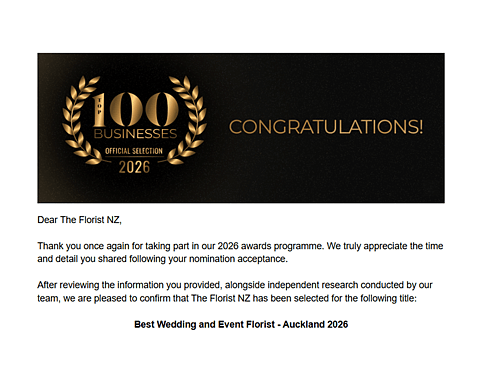 I have some incredibly exciting news to share, I’m absolutely thrilled (and still a bit in shock!) to announce that I was named Winner of the Best Florist – North Island and Best Florist – New Zealand categories at the New Zealand Wedding Vendor Awards! 🌸🏆
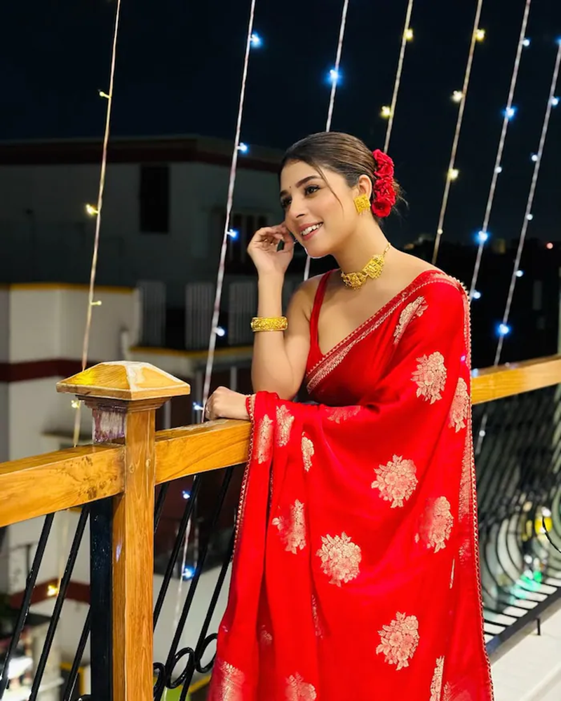 Adrija wore a red colored sleeveless and deep neck blouse with a red saree, in which she looked very elegant and graceful. The simple and classic cut is perfectly matching with the traditional saree. It can be a great choice for festive and wedding functions.
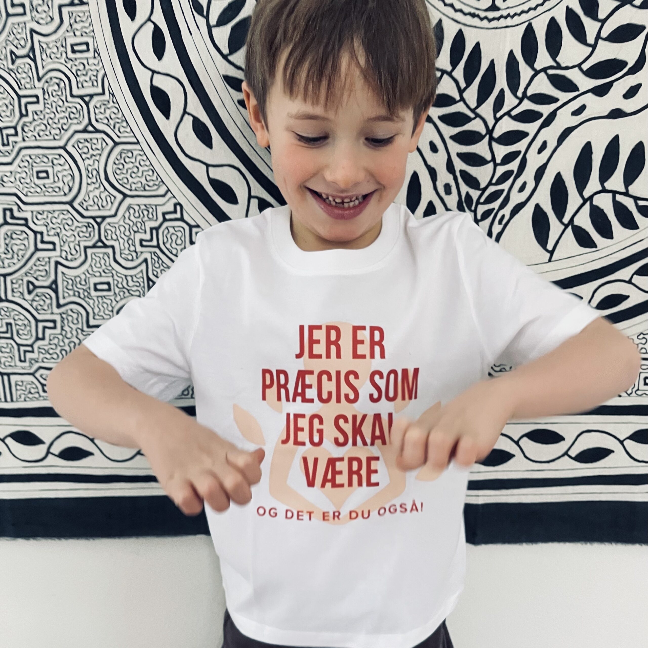Med teksten “Jeg er præcis som jeg skal være” bærer barnet en vigtig påmindelse om selvværd, tryghed og accept. Et sundt budskab, der ikke kun styrker barnet selv, men også sender et klart signal til omgivelserne: Her er plads til at være sig selv – præcis som man er og præcis som du er.

——————————

* _AIM OF THE EXERCISE_
Could the data above be returned in full, exactly, with every image left out?

* _YOUR RESPONSE_
 I have some incredibly exciting news to share, I’m absolutely thrilled (and still a bit in shock!) to announce that I was named Winner of the Best Florist – North Island and Best Florist – New Zealand categories at the New Zealand Wedding Vendor Awards! 🌸🏆
 Adrija wore a red colored sleeveless and deep neck blouse with a red saree, in which she looked very elegant and graceful. The simple and classic cut is perfectly matching with the traditional saree. It can be a great choice for festive and wedding functions.
Med teksten “Jeg er præcis som jeg skal være” bærer barnet en vigtig påmindelse om selvværd, tryghed og accept. Et sundt budskab, der ikke kun styrker barnet selv, men også sender et klart signal til omgivelserne: Her er plads til at være sig selv – præcis som man er og præcis som du er.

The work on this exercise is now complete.